Scientists in India have achieved a significant breakthrough in treating severe Hemophilia A with a novel gene therapy. The early trial results indicate a potential one-time cure for this rare and debilitating genetic condition. The study, conducted by researchers at the Centre for Stem Cell Research (CSCR) at Christian Medical College, Vellore, and supported by the Union Department of Biotechnology, offers new hope for patients suffering from this condition.
Promising Results from Initial Trial
The first phase trial involved five patients aged between 22 and 41 years. Over an average follow-up period of 14 months, none of the patients reported any bleeding episodes. This is a significant improvement, as individuals with severe Hemophilia A often experience weekly bleeding episodes requiring frequent treatment. The findings were published in the New England Journal of Medicine.
Dr. Alok Srivastava, the lead author of the study and head of haematology research unit at St John’s Research Institute, Bengaluru, noted the excellent outcomes observed in median factor-VIII levels during the treatment and follow-up period. Before the therapy, all patients had reported an annualised bleeding rate of at least 20 events.
Addressing a Critical Unmet Need
Hemophilia A, the most common form of hemophilia, is caused by the absence of a blood-clotting factor called Factor VIII. Individuals with severe Hemophilia A have less than 1% of this clotting factor, requiring repeated Factor VIII replacement, monoclonal antibodies, or other substances to manage the condition. India has the world’s second-largest Hemophilia patient population, estimated between 40,000 and 100,000 individuals. The cost of treating a hemophiliac in India can be substantial, estimated at $300,000 over a 10-year period.
Lentiviral Vector Approach
The new gene therapy involves extracting stem cells from the patient's blood and using a lentiviral vector to introduce a corrected gene. These modified cells are then transplanted back into the patient, enabling the body to produce Factor VIII autonomously. This approach differs from Roctavian, the only gene therapy approved by the U.S. Food and Drug Administration for commercial use, which uses an adenovirus as a vector and involves the liver in producing Factor VIII. The Indian scientists suggest that using a lentivirus is safer and potentially opens up gene therapy treatment to children.

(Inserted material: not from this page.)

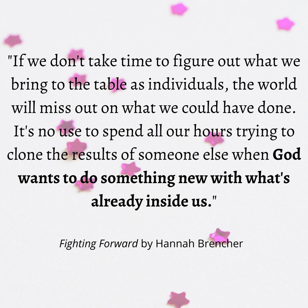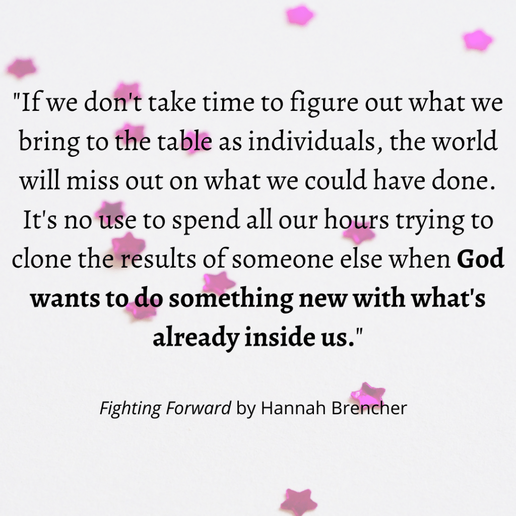“It may seem bleak. But God knew you could be in this fight, and he knew the outcome of the fight before you stepped in.” (85)
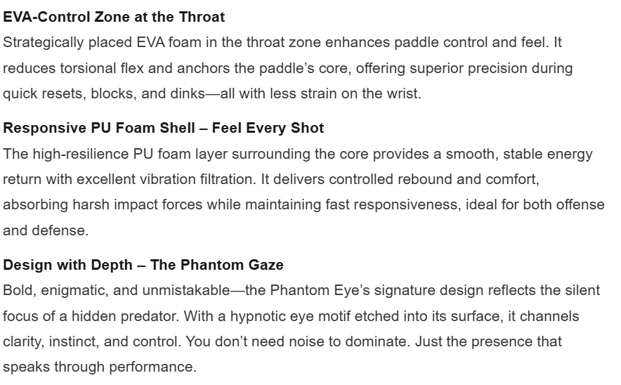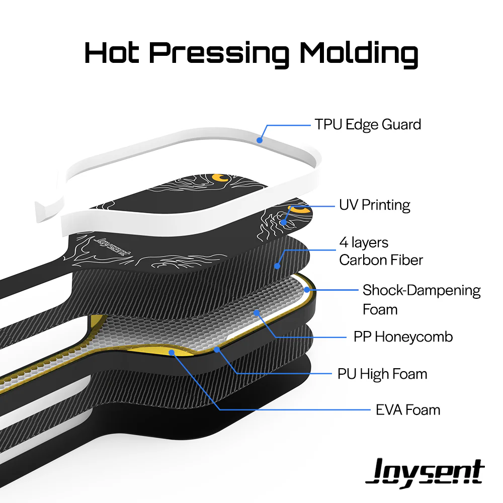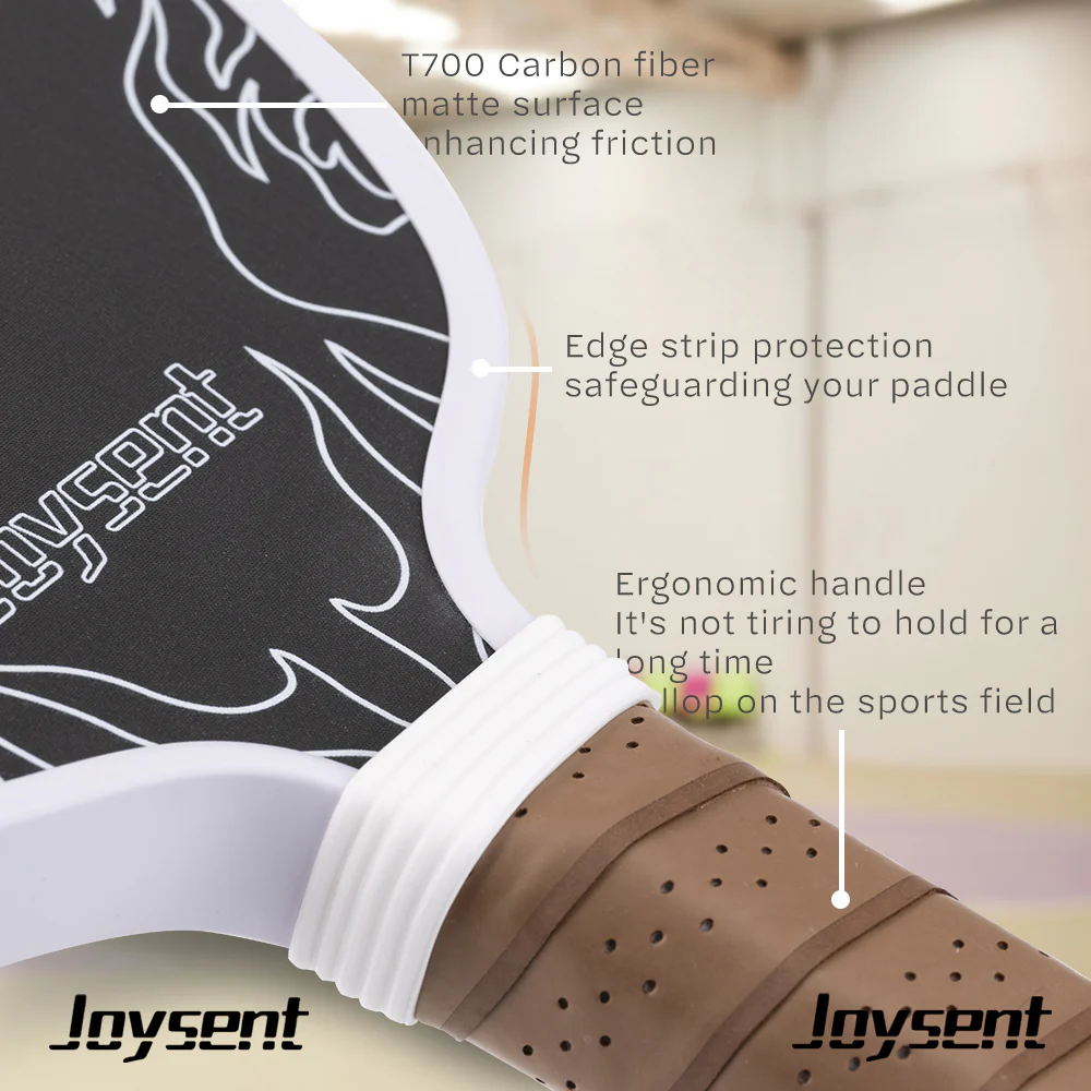Comfort and control are paramount in the design of the Joysent Phantom Eye Paddle. Its ergonomic handle ensures ease of use during extended matches, reducing fatigue and promoting better performance on the court. The T700 carbon fiber matte surface enhances friction, providing superior grip. Every detail has been carefully considered to prioritize player experience, making this paddle an invaluable asset to your game.

Potential for Broader Impact
Experts believe this new gene therapy could be a game-changer in haematology treatment globally. It offers a one-time or infrequent intervention compared to conventional treatments that require regular administration of clotting factor concentrates. Successful gene therapy could eliminate the need for scarce and expensive clotting factor concentrates or plasma products. Furthermore, the indigenous development of this therapy could make it more affordable and accessible to patients in resource-constrained settings.
Dr. Rabindra Kumar Jena, a bone marrow transplant physician, stated that the therapy's effectiveness in drastically reducing the frequency and severity of spontaneous bleeding episodes would significantly improve patients' overall quality of life.